Of all the countries in the region which have been devastated by the disater which struck on 26 December, Indonesia is the only country whose government will not allow unrestricted access to the suffering people. It still treats Aceh as a territory which must remain under tight control, regardless of the unimaginable sufferings of its people.

Following years of conflict and repression in Aceh, martial law was imposed in May 2003. This forced many local non-governmental organisations and activists to leave the region for fear of arrest or worse. During the past year more than two hundred activists have been tried in kangaroo courts, and are now serving long sentences in dozens of prisons across Java.

Many more were forced to leave their homeland and their loved ones, for fear of their lives. A year later martial law was replaced by civil emergency status but this hardly differed from martial law: the military has continued to play a commanding role in Aceh.

Conflict has raged in Aceh since the 1970s with thousands of people killed, injured, imprisoned or raped, yet even as the true extent of the natural disaster which struck three days ago in still being calculated, the government in Jakarta insists on maintaining control over whose are allowed in. This means for instance that journalists who may wish to visit Aceh as one of the hardest-hit regions will not be allowed to visit the province because their intentions will be deemed to have nothing to do with humanitarian assistance.

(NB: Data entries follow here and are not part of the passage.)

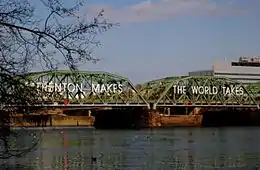 Several bridges across the Delaware River connect Trenton to Morrisville, Pennsylvania, all of which are operated by the Delaware River Joint Toll Bridge Commission.[47] The Trenton–Morrisville Toll Bridge, originally constructed in 1952, stretches 1,324 feet (404 m), carrying U.S. Route 1.[48] The Lower Trenton Bridge, bearing the legend "Trenton Makes The World Takes Bridge", is a 1,022-foot (312 m) span that was constructed in 1928 on the site of a bridge that dates back to 1804.[49] The Calhoun Street Bridge, dating back to 1884, is 1,274 feet (388 m) long.[50]
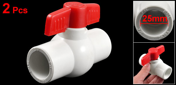 0.984" x 0.984" Slip Ends Two Way Ports PVC Ball Valve White Red 2 PCS
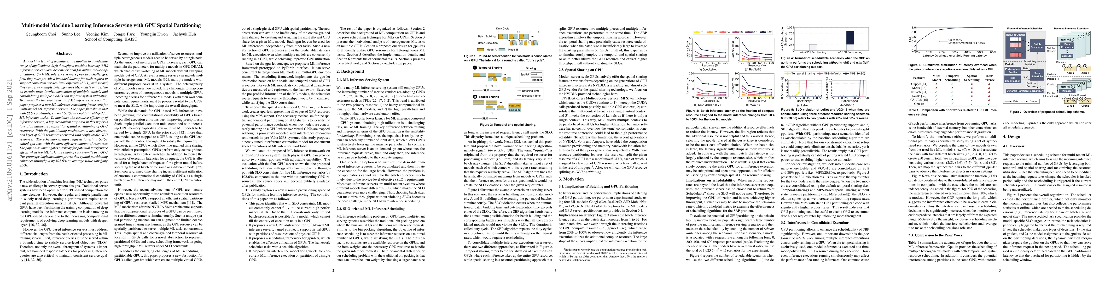 This paper proposes a new ML inference scheduling framework that utilizes GPU spatial partitioning to enhance throughput and resource efficiency for multi-model inference servers. The framework creates virtual GPUs, called gpu-lets, to optimize resource allocation and mitigate interference effects, achieving a 102.6% average throughput improvement while meeting service-level objectives.

Carmel Budiardjo of TAPOL said: "This is an outrageous decision by the Indonesian government and totally unforgivable under the present circumstances. It will continue to maintain a veil of secrecy over what has been happening in Aceh. It also makes it clear that as soon as the present emergency has passed, conditions in Aceh will return to a situation in which the Indonesian military can continue with their military operations, bringing yet more hardship. We call on organisations throughout the world to condemn this decision. Indonesia must lift all restrictions on access to Aceh," she said.